Okay, maybe Zabrina & Jo Jer who won the Amazing Race Asia won’t like to be called bitches, but they certainly deserve some recognition for winning the damn race. Its not because they are the first all female team to do so, nor is it because they are Malaysian, but simply because I really couldn’t stand some of the other teams. Amongst all the races, this race had the most lazy-fat-ass-ness, not-so-smart-ness, boo-hoo-hoo-I-am-afraid-of-everything-ness & whoa-is-me-I’m-such-a-sore-ass-looser-ness. I don’t think its because the Asians are not as tough as the Americans, just that we bitch more.
Anti-Emotions
Alcohol often induces less than proper behavior such as sticking your hands down another man’s shirt, letting some guy stick his hand down your underwear-less pants or licking your friend’s ear. This can often leave disgusted looks on people who find such acts reprehensible. The trick to surviving such disasters is not to dwell on it & fuck-care whatever comments may come your way. If they can’t accept the light heartedness of the moments, they most probably aren’t worth the trouble. Self sabotage is not pretty but can be salvaged with some good old cold emotionless bitchiness.
Occupational Hazards
Its no secret: I hate my job! More like I can’t stand being paid peanuts for putting up with that amount of bullshit. I need a change. The question now is really do I focus on the offer that has a bit of status, okay pay & good working hours, or do I go with the one with more status, better pay & really bad working hours? I mean, how will I know which is the right one for me? Before you try to advise this stubborn mule, I’ve made up my mind, many times. I think I know what to do…
The Pink Guide To Life
Recently, I have been forced to think about the different terminology gay people use in their lives & how it all has double meaning.

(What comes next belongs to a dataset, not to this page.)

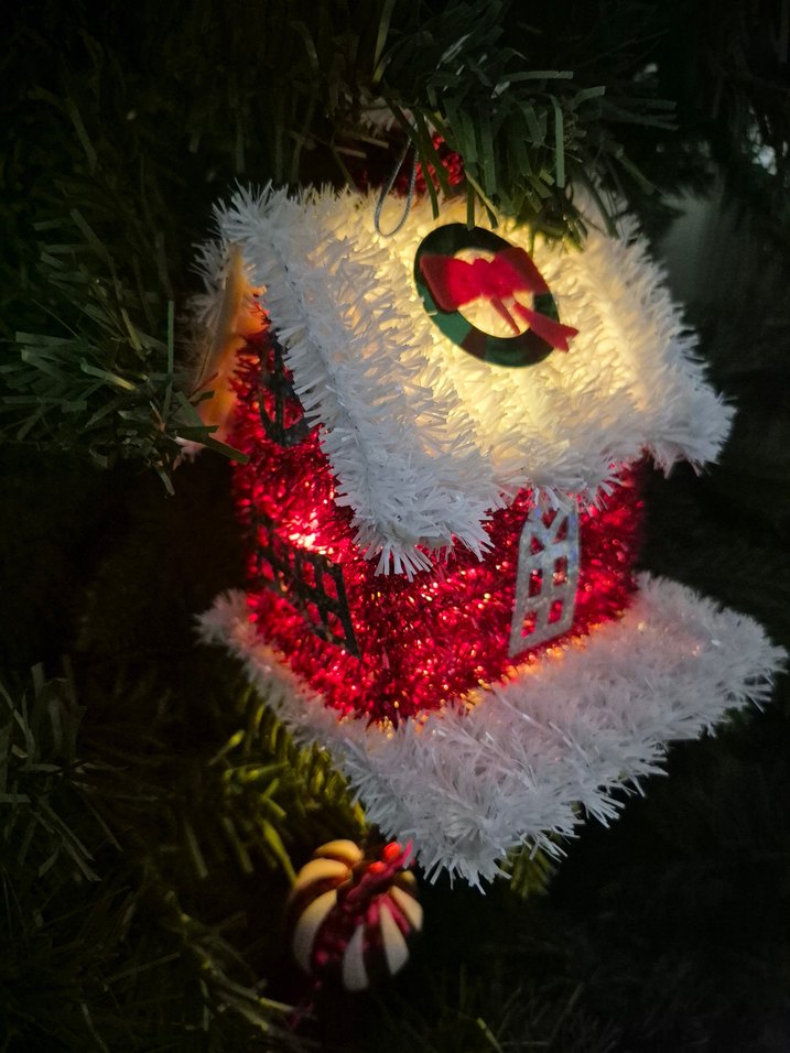 Beyaz süslemeli ve çatısında çelenk bulunan, iç aydınlatmalı kırmızı renkli renkli yılbaşı ev süsü. 15 cm yükseklikte 10 cm eninde,piller dahil kullanıma hazır şekilde gönderilecektir. #yılbaşı #ağaçsüsü #kırmızıev #ışıklıev #ağaçevi

Gay Temple is essentially the club were we go dancing & slut with other men.
Gay Food is essentially hot men which usually can’t be consumed.
Gay Hell is where you go to if you actually eat anything deep-fried or laden with sugar. That’s right to the bottom of the feeding chain.
Gay Heaven is when you’re into some guy & he is into you too.
Gay Disaster can either be fashion in nature or being caught slutting by a guy you like with another man you like.
Puff The Magic Dragon
I am still working hard on quitting smoking, but as expected, the task seems much more difficult than I anticipated! Down to about 4-7 fags a day on week days and about 10 on weekends. Rather than thinking of reasons why I should stop, I’ve been trying to convince myself of all the benefits I’ll enjoy by quitting. Sounds like the same thing, well, it isn’t. My crankiness may be increasing but I still have some time until my March 16 deadline.
Fresh Off The Truck
Today, the Gardenia bread delivery guy did me a favor. He let me change the almost stale loaf of bread I just bought for a fresher one & he did so quickly without even having to be asked. I’d consider that a random act of kindness. Maybe the world isn’t out to get me after all, or is it just waiting for me to let my guard down before biting me in the ass, again?
AJ Supplies Supprise
Enjoy barebacking or unprotected sex in all its glorious forms? Click here, you can thank me later...
Oh and I've been nominated for the G*spot Awards on Hush & Listen too!
Tricky time never slows
That moment walked me by without bothering to say
Lucky time never stops
That moment knocked me down without bothering to
Say Hello
Say Hello
Say Hello
Say Hello
Deep Dish~ Say Hello
Labels: AJ at work, AJ's guide to gibberish, the why of AJ
5 Comments:
STOP Smoking! Get drunk instead and feel up inappropriate men.
but he was doing that already even when he was smoking. lol. :P and on a side note....oh no...that vid link was so sad :(
yay! bypassed the block and can visit this site now... :)
xavier illuminated
omg...the clip is damn depressing man. It'll sure scare the shit out of Slutboy. LOL.
NB: the top's cute though.
paul, teks is right.
teks & pg, that was the plan!
xavier, welcome back! long time no read!